Bookmark blog post: del.icio.us del.icio.us Digg Digg DZone DZone Furl Furl Reddit Reddit
Comments
Comments are listed in date ascending order (oldest first) | Post Comment

  • I would suggest looking at the checkstyle tool, removes tabs and removes/includes whitespaces where you want them.

    http://checkstyle.sourceforge.net/config_whitespace.html

    Posted by: atehrani on September 26, 2007 at 06:20 PM

  • I know Checkstyle, in fact I use this tool heavily, every day and for all my code. But Checkstyle only reports violation of the defined rules, it doesn't fix the code. Even worse, in the Tabs vs. Spaces issue it only has a rule TabCharacter that helps only to get rid of tabs (I want the opposite).

    Posted by: opinali on September 26, 2007 at 07:32 PM

  • Everyone knows God intended tabs to be 8 spaces.

    Posted by: shannon on September 26, 2007 at 08:12 PM

  • shannon: Yeah I agree that was the original design. This should even be encoded in the Genesis - any archaeologist there has the original text to check indentation? ;-) But then, there's evolution... 8 spaces were good in simpler times when a program consisted of a bunch of functions in the global scope. Nowadays your code is much more nested - at minimum methods are nested inside classes, and it gets worse with try/catch blocks, inner classes... we have to use feature-packed IDEs where lots of real estate is taken from the code editor by other tools... so even if you're very disciplined to avoid deeply nested control structures, it's very hard to use 8 space indentation these days. Except that it's a good excuse to request a 20" monitor to your boss!

    Posted by: opinali on September 27, 2007 at 04:55 AM

  • How about the 80 columns codes? I never use this pattern, but we can see it even on the JRE classes. I can imagine in the old times, when we should print the codes to see external documentation (when God not created JavaDocs). What do you think about it, Osvaldo?

    Posted by: rael_gc on September 27, 2007 at 08:20 AM

  • Tabs are defined to be 8 characters wide. Editors that do anything else with them are broken. I'd rather not indent that much.

    If you expect editors to be broken and tab widths to vary, how do you manage line lengths? Editor wrapped lines are a PITA to deal with. Editors that don't line wrap are far worse.

    Posted by: tackline on September 27, 2007 at 08:25 AM

  • Your program has horizontal scrolling in firefox where tab length is not easily controlled (without user css applied).

    Posted by: coding on September 27, 2007 at 09:02 AM

  • I hope I'm not being labeled the evil TAB-less guy, actually I like TABs, when used properly, so I don't disagree with you at all. It's very unfortunate that we have so much inconsistent usage of them, and different ways to view them. And maybe that's the issue here. It's how the source is viewed that is at issue here.

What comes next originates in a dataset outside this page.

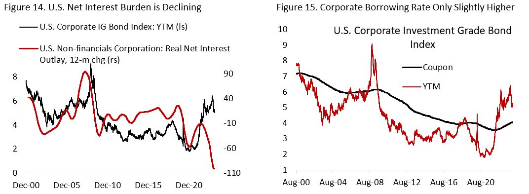 We are sympathetic to the view that in the current cycle monetary-policy impact has been relatively muted amid households and corporations already refinanced at record-low interest rates during the pandemic. Figure 14 shows that despite the 5.25-percentage-point hike in the fed funds target rate, and the increase in yield to maturity, the average coupon paid by mortgage and corporate borrowers have barely risen. In fact, the net interest paid by U.S. non-financial firms has been sharply declining, as a result of the low borrowing rate and high cash balances among U.S. corporations. As time goes by, U.S. non-financial corporations will eventually refinance their borrowing and face higher rates. But in the near term, the higher borrowing rate is not a meaningful headwind for their financial position (Figure 15).
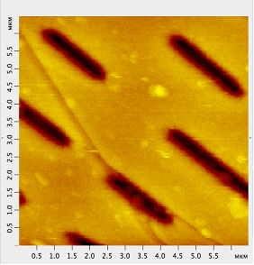 Повторим основные этапы работы на атомно-силовом микроскопе. Вы выбираете образец для исследования и устанавливаете его на столик. Далее с помощью микрометрических винтов производится предварительный, на глаз, выбор области исследования. Далее оператор открывает окно «Резонанс» и дает команду построить резонансную кривую, при построении этой кривой система автоматически выбирает резонансную частоту. После этого оператор открывает следующее окно «Подвод» и под визуальным контролем видеокамеры с увеличением производит подвод зонда к образцу. Основную часть подвода система осуществляет автоматически. Оператор задает амплитуду A0 в виде ее доли от Aрез, например, 0,9. Система мелкими шагами опускает зонд, контролируя на каждом шаге амплитуду колебаний, не уменьшилась ли она до A0. Оператор наблюдает за этим подводом и визуально, и по датчику амплитуды. После окончания подвода оператор переходит в режим сканирования. В этом режиме он выбирает конкретную область сканирования внутри предварительно выбранной относительно большой области 100×100 мкм, выбирает направление сканирования – по X или по Y, шаг и скорость сканирования. После запуска сканирования оператор построчно наблюдает изображение сканируемой области. После окончания измерений программа позволяет произвести математическую обработку результатов, например, сглаживание шумов, представ-

Displaying source in a variable width font could be just as bad (do people do that?). I suppose an alternative would be to normalize the source into something that uses TABs correctly, then add in a check at commit time to verify this. But have you ever tried to get everyone to agree on what "using TABs correctly" means? Sigh...

    -kto

    Posted by: kellyohair on September 27, 2007 at 09:26 AM


  • rael_gc: javadocs exists since JDK 1.0. Having a maximum horizontal limit is a good idea, I use 110cols because I found that this size fits neatly in my editor (in an IDE where some H space is already taken by a project view), and it's also a perfect fit for hard printing. 80cols is more traditional, but both Java and modern frameworks and 'good practices' are pretty verbose... for example when writing a simple variable initialization, I'll often fill the first 80 cols just with generic type declarations and an invocation to a ServiceLocator ;-)

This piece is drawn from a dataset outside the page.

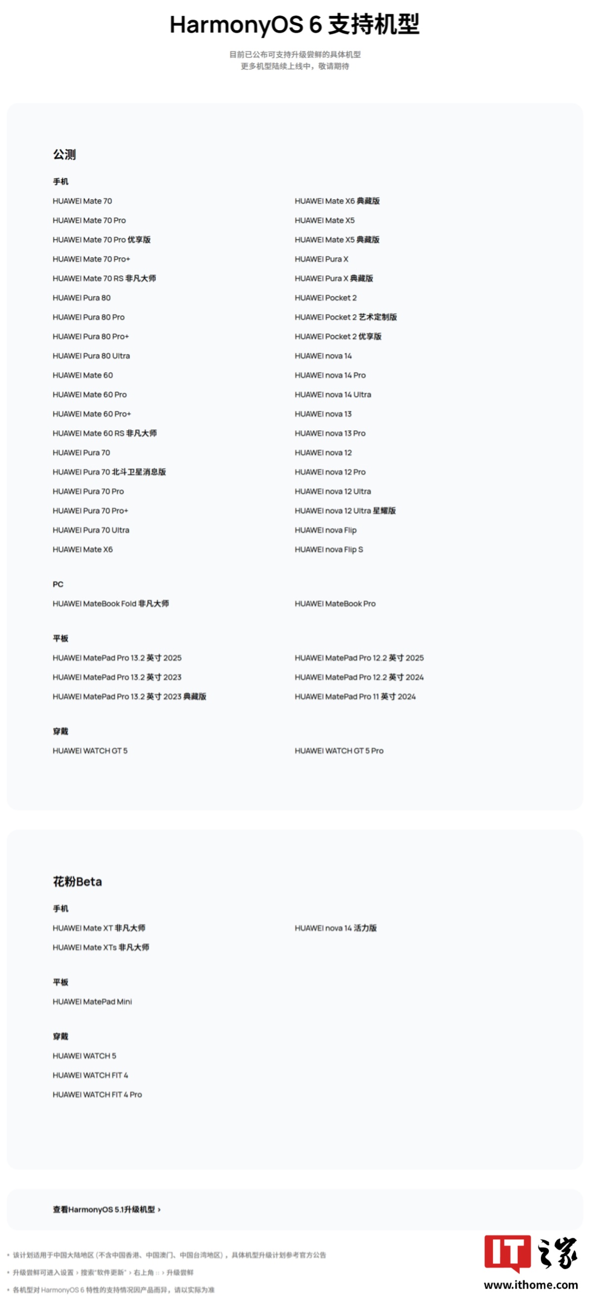 alixixi注意到,华为官网已更新 HarmonyOS 6 支持机型情况:MatePad Pro 12.2 英寸 2025 款平板、WATCH GT 5 系列手表等开放了鸿蒙 6 系统的公测升级;nova 14 活力版手机、MatePad Mini 小平板、WATCH FIT 4 系列手表开启了花粉 Beta 版本尝鲜升级。具体如下:

    tackline: Defined where? The ASCII standard doesn't specify any specific number of spaces; the horizontal tab char means just "move to the next tab stop", where these tab stops are device-specific (the standard was not meant for screen only, in fact screens were rare devices in that time). Tabs don't even have to be all same size: you could have your first tab stop at line 10, then one stop each 4 chars, and no stops at all after column 50. And there's a HUGE number of text/code editors that default to a different number, most often 4 spaces (for example that's the default of Notepad++ which is my favourite general-purpose text editor).


    As for line width, fair enough, perhaps my 110col lines will jump to 120-140 when opened by someone who uses 8col tabs. It's not a perfect system; but it is the less evil: if I open code from somebody who uses 8 char indent but no physical tabs, and whose lines are too long for my preferences, I don't have the option to trim line sizes by reducing tab length. But if you open my code and find that it has too long lines, at least you have the choice of making it narrower (even if you're not pleased with the resulting indentation).

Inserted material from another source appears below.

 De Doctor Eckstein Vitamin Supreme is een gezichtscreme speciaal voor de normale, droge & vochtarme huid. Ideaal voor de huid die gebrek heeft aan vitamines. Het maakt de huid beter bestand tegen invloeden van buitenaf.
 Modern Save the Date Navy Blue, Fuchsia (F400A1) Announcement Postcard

    coding: It's the first time I posted such a big chunk of code, I'm also a Firefox user and unfortunately the blog's preview didn't show this scrollbars. I don't know if I can use custom CSS here


    kellyohair: Don't worry, I just used your blog as an opportunity ;-) I'm hacking Java since 1.0beta and I always noticed that Sun's sources were often inconsistently (when not just horribly) indented. It seems like there's no standard of editor, IDE, or coding style inside Sun. This is better in sources of more recent APIs (I guess you're using NetBeans instead of vi/emacs, finally?) But one of my wishes for OpenJDK is "get a good Jalopy style - any style - and REFORMAT THE WHOLE F***ING MESS for good". I know, that's never going to happen (massive diff in repository, veteran coders suiciding).


    On variable font widths, most Smalltalk environments used that as default, I think that's part of Smalltalk's attept to be closer to natural language. Yet another Smalltalk-ism that didn't catch. I don't miss this (always configured the environments to fixed fonts) although I miss keyword messages (so much needed in these days of API inflation...)

    Posted by: opinali on September 27, 2007 at 11:29 AM

  • Osvaldo, about the JavaDoc: I was talking about pre-Java languages :)

    Posted by: rael_gc on September 27, 2007 at 01:24 PM

  • About the Notepad++: I love it!

    Posted by: rael_gc on September 27, 2007 at 01:26 PM

  • About the lines width: I don't wrap the lines at any length, cause the most of editors can wrap it automatically.

    Posted by: rael_gc on September 27, 2007 at 01:41 PM

  • I don't wrap anything either, i meant that i set a limit so I'll never write code beyond that line. "Soft" line wrapping is a blasphemy in code editors :)

    Meanwhile, why does MovableType suck so badly on Firefox? Even the comments preview functionality doesn't work perfectly - when I click preview, I receive a page that contains the rendered comment but the editable textarea is empty so I have to click Back to edit. Very weird, for a site that's supposed to promote so many open source projects.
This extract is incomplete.